Abstractor scan all things in the SPARQL endpoint. You may wish to review the generated file to delete unwanted things.

Integrate external abstraction into AskOmics

Once external endpoint's abstraction is generated, its time to add it into AskOmics. Upload it and integrate it.

Integrating an external abstraction

Warning

Check that advanced options > Distant endpoint contain URL of the external endpoint

Query external endpoint

Starting entities

If AskOmics already contains local data, external startpoint are not displayed by default on the start page. Use the Source dropdown button to display external entities.

External startpoint

Linking to your own data

To link a local dataset to the external endpoint, the file must be structured in a certain way.

The input file must describe the relation with the external entity. Much like a 'normal' relation, it goes through the header.

In this case however, instead of simply the entity name, the column name must contain either the full URI or the CURIE of the external entity (e.g http://nextprot.org/rdf#Gene). The values of the column must also be the exact uri (full URI or CURIE) of the targeted entity, instead of a raw value.

For example, the file below describe en entity gene who is linked to an external entity Gene.
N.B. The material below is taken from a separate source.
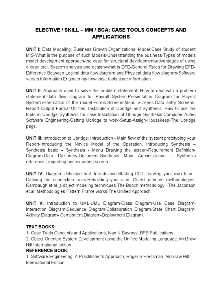 ELECTIVE / SKILL – MM / BCA: CASE TOOLS CONCEPTS AND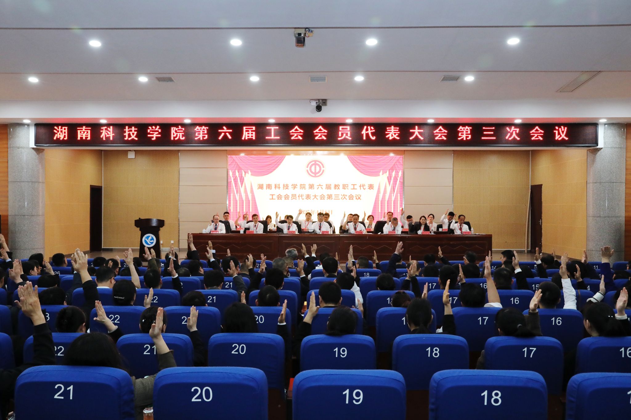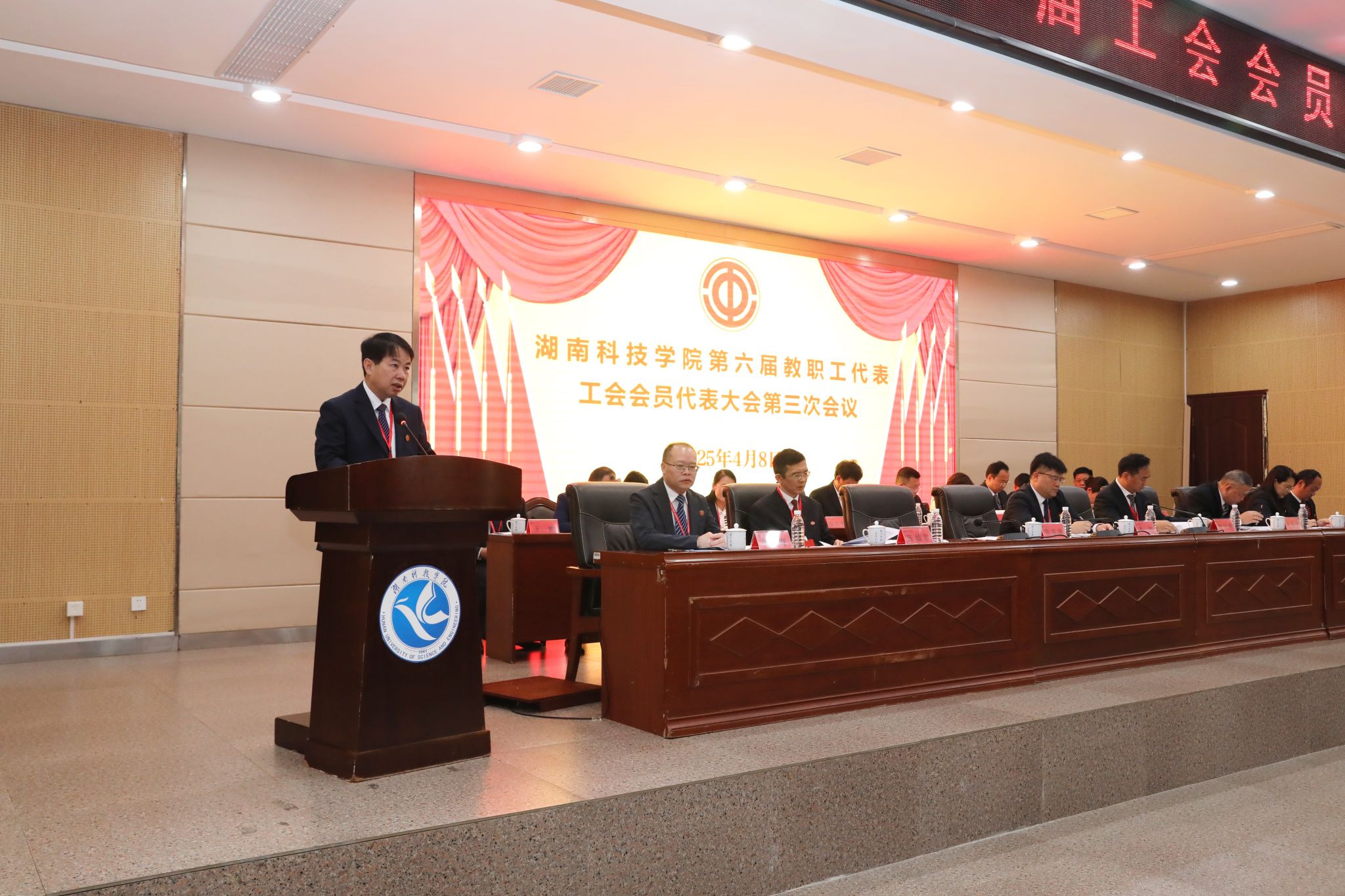 下午,为期一天的第六届教职工代表、工会会员代表大会第三次会议圆满完成各项议程,在潇湘大讲堂闭幕。会议通过学校工作报告、工会工作报告、2024年财务预算执行情况和2025年财务预算安排报告、工会经费审查工作报告。

The external one is prefixed with the full uri used in the external endpoint. In the values of the column, you will need to also use the full URI / CURIE.

gene value concern@http://nextprot.org/rdf#Gene
gene_1 0 http://nextprot.org/rdf/gene/ENSG00000169594
gene_2 1 http://nextprot.org/rdf/gene/ENSG00000156603

Perform a federated query

Once the relations are described, links between local and distant entities are automatically created by AskOmics. The query is distributed to the external endpoint and results are returned like a classic query.